Physics of Fluids
- Discipline: Fluid dynamics
- Language: English
- Edited by: André Anders (interim)

Publication details
- History: 1958–present
- Publisher: AIP Publishing (United States)
- Frequency: Monthly
- Impact factor: 3.8 (2025)

Standard abbreviations
- ISO 4: Phys. Fluids

Indexing
- CODEN: PHFLE6
- ISSN: 1070-6631 (print) 1089-7666 (web)

Links
- Journal homepage;

= Physics of Fluids =

Physics of Fluids is a monthly peer-reviewed scientific journal covering fluid dynamics. Established by the American Institute of Physics in 1958 and currently published by AIP Publishing. The journal focus is the dynamics of gases, liquids, and complex or multiphase fluids—and the journal contains original research resulting from theoretical, computational, and experimental studies.

==History==
From 1958 through 1988, the journal included plasma physics. From 1989 until 1993, the journal split into Physics of Fluids A covering fluid dynamics, and Physics of Fluids B, on plasma physics. In 1994, the latter was renamed Physics of Plasmas, and the former continued under its original name, Physics of Fluids.

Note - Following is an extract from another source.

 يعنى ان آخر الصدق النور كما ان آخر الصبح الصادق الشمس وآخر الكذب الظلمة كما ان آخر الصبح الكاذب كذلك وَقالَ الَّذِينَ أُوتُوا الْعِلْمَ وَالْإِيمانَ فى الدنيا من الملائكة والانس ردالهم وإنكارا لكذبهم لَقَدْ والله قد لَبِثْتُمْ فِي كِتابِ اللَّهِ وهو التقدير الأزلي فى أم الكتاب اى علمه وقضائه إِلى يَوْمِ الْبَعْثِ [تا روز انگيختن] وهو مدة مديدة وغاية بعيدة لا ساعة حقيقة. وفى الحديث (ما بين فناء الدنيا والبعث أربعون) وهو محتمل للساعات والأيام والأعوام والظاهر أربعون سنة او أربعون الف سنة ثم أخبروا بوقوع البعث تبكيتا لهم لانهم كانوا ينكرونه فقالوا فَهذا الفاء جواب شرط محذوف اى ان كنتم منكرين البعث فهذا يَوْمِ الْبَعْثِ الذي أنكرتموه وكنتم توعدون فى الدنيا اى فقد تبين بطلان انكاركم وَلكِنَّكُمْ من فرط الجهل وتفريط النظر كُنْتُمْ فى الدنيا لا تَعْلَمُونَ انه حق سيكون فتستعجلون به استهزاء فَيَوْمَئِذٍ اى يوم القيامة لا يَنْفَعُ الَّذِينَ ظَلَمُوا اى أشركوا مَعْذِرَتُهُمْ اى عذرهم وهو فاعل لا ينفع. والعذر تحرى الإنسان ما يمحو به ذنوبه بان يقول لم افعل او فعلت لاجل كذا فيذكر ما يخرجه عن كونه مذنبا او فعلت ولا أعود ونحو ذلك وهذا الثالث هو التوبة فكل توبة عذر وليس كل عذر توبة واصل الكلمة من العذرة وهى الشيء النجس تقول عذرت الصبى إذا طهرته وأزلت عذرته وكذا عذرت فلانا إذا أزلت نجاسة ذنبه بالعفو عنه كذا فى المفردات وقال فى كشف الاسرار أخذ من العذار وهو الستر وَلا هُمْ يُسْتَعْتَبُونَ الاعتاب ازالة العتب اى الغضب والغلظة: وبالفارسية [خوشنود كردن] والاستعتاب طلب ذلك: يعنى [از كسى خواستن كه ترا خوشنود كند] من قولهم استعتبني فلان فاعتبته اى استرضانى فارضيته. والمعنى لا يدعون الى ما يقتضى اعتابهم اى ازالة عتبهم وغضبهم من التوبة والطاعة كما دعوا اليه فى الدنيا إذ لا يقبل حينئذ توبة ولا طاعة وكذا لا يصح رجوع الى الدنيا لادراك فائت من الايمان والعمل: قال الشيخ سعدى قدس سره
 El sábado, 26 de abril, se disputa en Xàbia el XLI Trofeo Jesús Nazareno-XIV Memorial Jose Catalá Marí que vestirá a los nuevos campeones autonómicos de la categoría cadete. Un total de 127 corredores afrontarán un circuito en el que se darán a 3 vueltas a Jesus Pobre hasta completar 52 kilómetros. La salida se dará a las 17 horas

The journal was originally published by the American Institute of Physics in cooperation with the American Physical Society's Division of Fluid Dynamics. In 2016, the American Institute of Physics became the sole publisher. From 1985 to 2015, Physics of Fluids published the Gallery of Fluid Motion, containing award-winning photographs, images, and visual streaming media of fluid flow.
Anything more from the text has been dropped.